Opinion
November, 1908.
Louis A. Brown, for appellant.
Hastings Gleason (Charles M. MacLaren, of counsel), for respondent.
An execution, issued out of the Municipal Court, was delivered to the defendant, a city marshal, whereof, according to the return of the clerk of the court, no return was made or filed. Prima facie the defendant was liable for the amount of the judgment, and could only relieve himself by showing that the judgment creditor was not aggrieved. He admitted receiving the execution, but asserted, as he was led, that he had returned it by mail, which he, residing in the place where the clerk's office is situated, might not do. He did not show that he made a levy, or that the judgment debtor had no property upon which a levy might be made; and so the judgment in his favor may not stand.

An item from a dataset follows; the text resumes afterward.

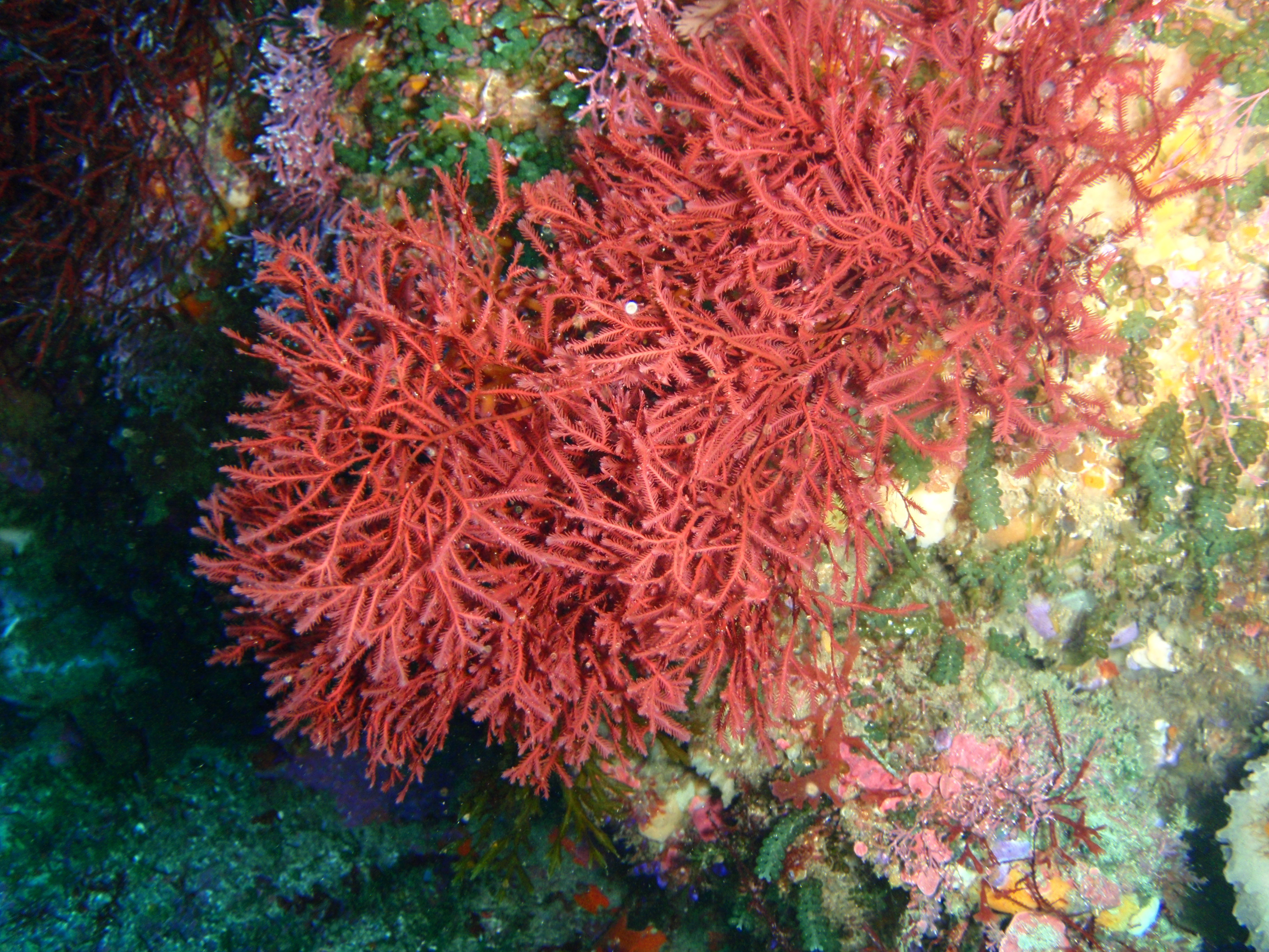 Red seaweed, South East Bay, Manawa Tawhi, Three Kings Islands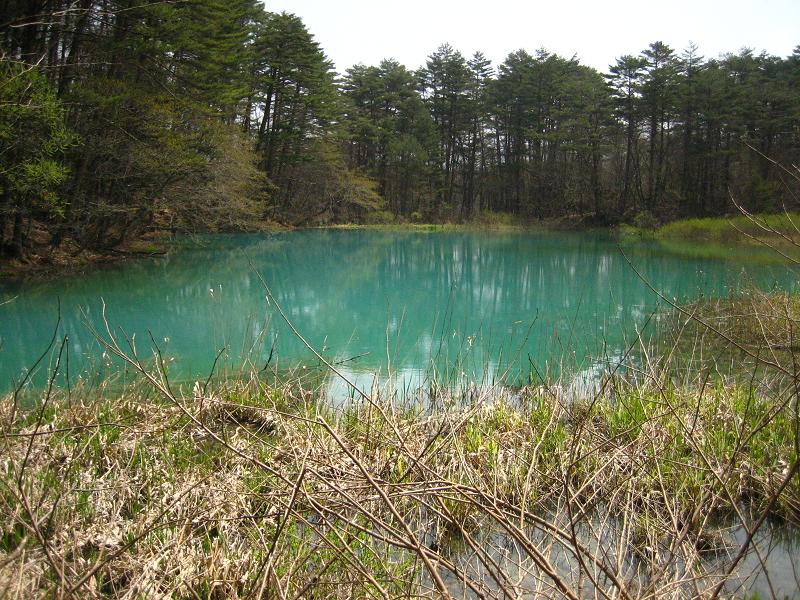 A picture of Ao-numa Pond, a volcanic lake in Fukushima, Japan, and one of the famed "Five Colored Lakes". Image was taken with a Canon PowerShot SD450 Digital Elph camera and edited using a Paint Shop program on a laptop computer.

The doctrine hereof is not in accord with some remarks in a case cited upon the respondent's brief and wherein an interpretation was put upon a section of a statute of 1857 which has been adopted into the Municipal Court Act; nor is the law laid down in that case in accord with the common course of decisions in the courts of last resort. Ledyard v. Jones, 7 N.Y. 550. Moreover, in the case referred to, the marshal had filed a return.
Judgment reversed and a new trial ordered, with costs to the appellant to abide the event.
GILDERSLEEVE, J., concurs.
The facts of this case are stated in the opinion rendered upon a former appeal. 58 Misc. 556. Upon the first trial and again on the second trial, it was shown that the marshal did not file his return of execution as required by law. Upon the last trial, which we are now called upon to review, it was proved that the defendant did not collect anything upon the execution. Upon this evidence the court below gave judgment for the defendant. There was no proper proof before the court to show that the defendant even attempted to collect the amount of the execution. In the absence of such proof, the plaintiff was prima facie entitled to recover the amount for which the execution was issued. If the defendant had proved an attempt to collect the amount of the execution and that it was uncollectible, a different situation would be presented in relation to which the rule stated in Curry v. Farley, 8 Daly, 228, would seem to be applicable. But a marshal charged with the duty of attempting to collect an execution cannot, upon his failure to file a return as required by law, avoid liability merely by his statement that he collected nothing. For all that appears in the evidence he collected nothing because he made no attempt to collect anything.
The judgment is reversed and a new trial ordered, with costs to the appellant to abide the event.
Judgment reversed and new trial ordered, with costs to appellant to abide event.